[HOW TO COMPLETE THIS TASK]:
The material below holds the lines to copy: from the one with "In My Dreams" up to and including the one with "Серьги с 14". Copy them exactly and skip the pictures.
(Beginning of MATERIAL FOR THIS TASK)
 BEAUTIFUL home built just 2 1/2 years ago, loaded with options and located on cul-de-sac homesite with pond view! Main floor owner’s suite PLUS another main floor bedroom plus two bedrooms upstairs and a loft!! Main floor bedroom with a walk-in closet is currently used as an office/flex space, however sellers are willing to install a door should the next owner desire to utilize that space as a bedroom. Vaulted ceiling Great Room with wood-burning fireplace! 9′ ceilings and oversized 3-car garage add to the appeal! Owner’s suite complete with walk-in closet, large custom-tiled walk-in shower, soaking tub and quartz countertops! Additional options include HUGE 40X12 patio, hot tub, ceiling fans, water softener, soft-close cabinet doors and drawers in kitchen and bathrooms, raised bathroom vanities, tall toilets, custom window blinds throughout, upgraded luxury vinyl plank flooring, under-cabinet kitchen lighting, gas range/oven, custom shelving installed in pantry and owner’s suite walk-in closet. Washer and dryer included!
(End of MATERIAL FOR THIS TASK)
(Beginning of MATERIAL FOR THIS TASK)
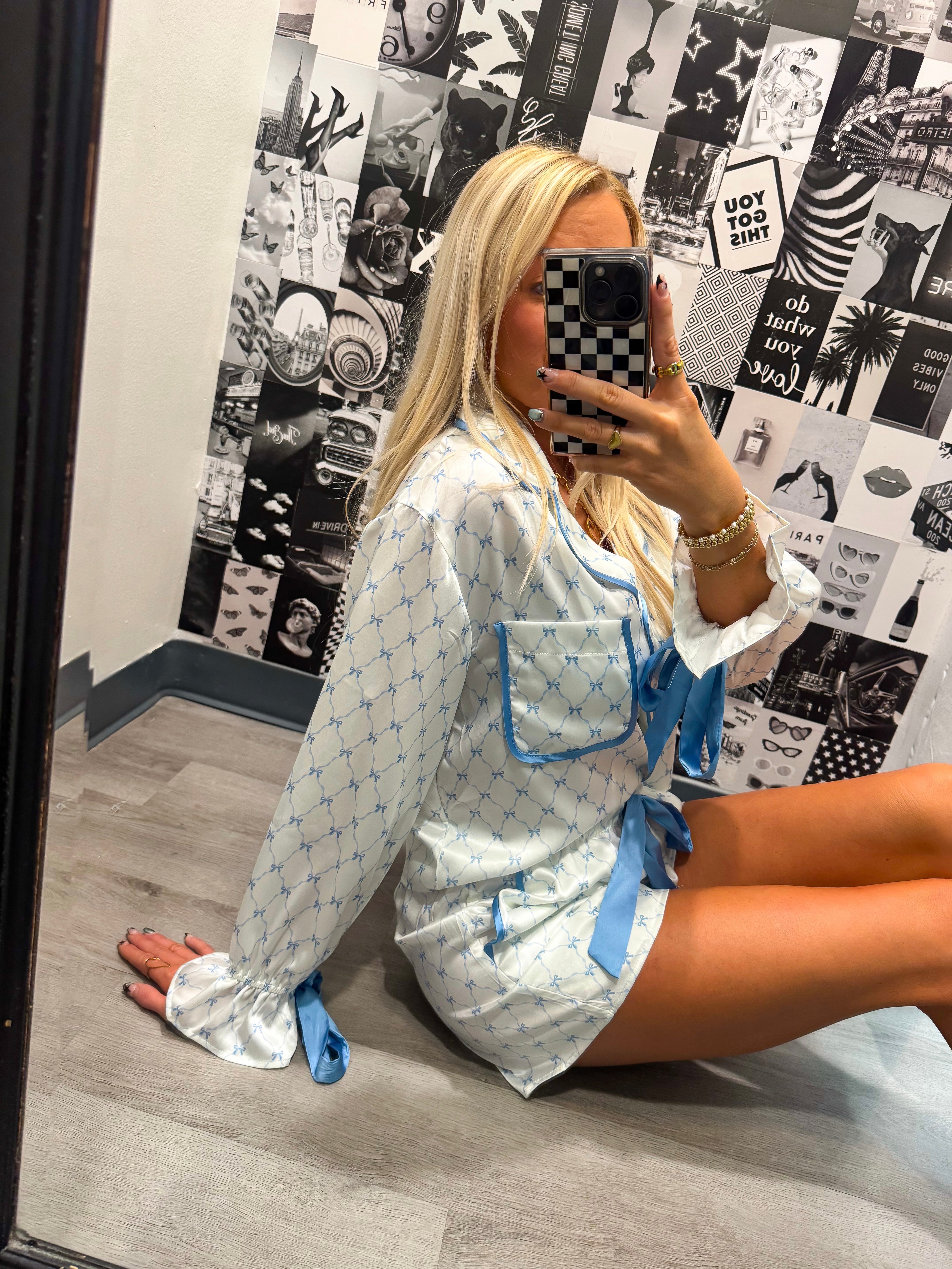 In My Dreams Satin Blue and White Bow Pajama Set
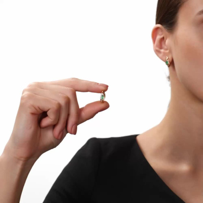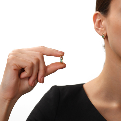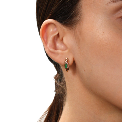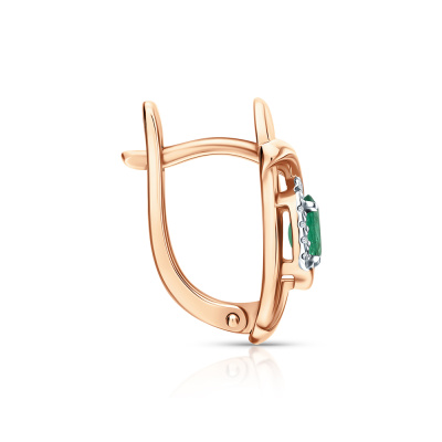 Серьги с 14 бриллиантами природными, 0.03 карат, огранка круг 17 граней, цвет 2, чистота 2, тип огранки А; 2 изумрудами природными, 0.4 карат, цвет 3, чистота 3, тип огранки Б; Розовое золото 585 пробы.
(End of MATERIAL FOR THIS TASK)
[YOUR RESPONSE]:
 In My Dreams Satin Blue and White Bow Pajama Set
 Серьги с 14 бриллиантами природными, 0.03 карат, огранка круг 17 граней, цвет 2, чистота 2, тип огранки А; 2 изумрудами природными, 0.4 карат, цвет 3, чистота 3, тип огранки Б; Розовое золото 585 пробы.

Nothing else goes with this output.